Parlamentares ligados à área da saúde ainda pressionam o presidente da Câmara, Rodrigo Maia (DEM-RJ), a votar a proposta, mesmo sem consenso em torno do seu mérito. “E como ficarão as cidades sem médicos?”, protesta a deputada Carmem Zanotto (Cidadania-SC), uma das líderes da Frente Parlamentar da Saúde. Maia disse que fará uma última tentativa ao pautar a MP para a próxima terça-feira. Nesse caso, o Senado teria apenas dois dias para apreciar o polêmico texto.
Segundo Paulinho, dos 370 deputados que votaram a favor da reforma da Previdência, 304 não tiveram um centavo sequer liberado até o momento. O Congresso em Foco procurou o líder do governo na Câmara, Major Vitor Hugo (PSL-GO), para comentar o assunto, mas não teve retorno.
“Eu posso falar sobre isso à vontade porque votei contra a reforma”, ressalta Paulinho, que é um dos líderes do chamado Centrão, grupo informal que reúne partidos como o Solidariedade, o DEM, o PP, o PL e o PRB e exerce grande influência sobre as votações na Casa.

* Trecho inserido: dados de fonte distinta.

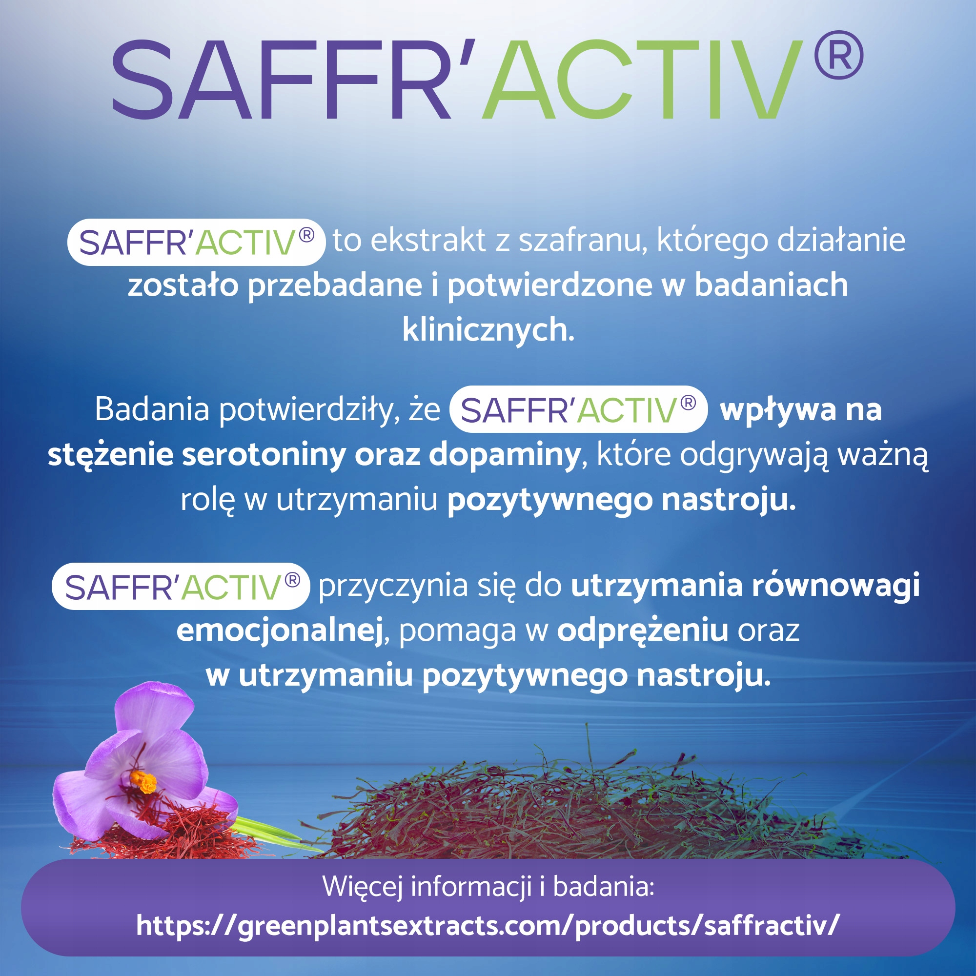 Saffr'Activ® - это клинически протестированный экстракт шафрана, разработанный на основе исследования его влияния на расстройства настроения. Он содержит активные соединения, такие как Krocin и Safranal, которые имеют антиоксидантные эффекты, помогают уменьшить симптомы снижения настроения, успокаивать стресс и улучшить качество сна

Parlamentares têm reclamado da falta de articulação política do governo, que não tem uma base formalizada no Congresso e trabalha votação a votação, sob o argumento de que não faz “toma lá, dá cá”, ao contrário de seus antecessores. A estratégia, porém, é considerada arriscada. “Estou há 13 anos no Congresso e nunca vi um governo tão desarticulado. A presença do governo sempre foi muito forte aqui. Agora não tem governo. É tudo muito aleatório”, critica Paulinho.
O fundador do Solidariedade e o líder do DEM, Elmar Nascimento (BA), foram convidados de última hora pelo ministro Luiz Eduardo Ramos para uma reunião ontem, já prevista com o líder Major Vitor Hugo e os deputados Vinicius Carvalho (PRB-SP), Cláudio Cajado (PP-BA) e Coronel Armando (PSL-RJ) e os senadores Arolde Oliveira (PSD-RJ) e Lucas Barreto (PSD-AP).
Insatisfação com ministros
A liberação das emendas não é o único motivo de insatisfação dos deputados. Um deputado ouvido pelo Congresso em Foco explica que parlamentares têm tido dificuldade de acesso nos ministérios. “Nós queremos receber um mínimo de atenção. Ser recebido por um ministro, poder levar um prefeito, encaminhar alguma demanda de nossas bases. Mas não encontramos abertura para isso”, critica esse deputado, que pediu para não ser identificado. Paulinho endossa a reclamação: “Os ministros são muito arrogantes, agem como se fossem imperadores”.
Além de não votarem propostas de interesse do Planalto, deputados do Centrão também ameaçam impor derrotas ao governo. Para que isso não ocorresse, o presidente do Congresso, Davi Alcolumbre (DEM-AP), derrubou a sessão conjunta de ontem e convocou líderes partidários para uma reunião nesta quinta-feira. Na pauta, estavam vetos presidenciais e projetos de lei de abertura de crédito suplementar.
Parlamentares insatisfeitos com o Planalto querem derrubar vetos de Bolsonaro à chamada minirreforma eleitoral. Um desses itens é o que aumenta os recursos do fundo eleitoral, destinado às campanhas eleitorais. Eles querem definir critérios que permitam a elevação desses recursos para até R$ 4 bilhões, cerca de R$ 1,5 bilhão a mais do que o governo defende.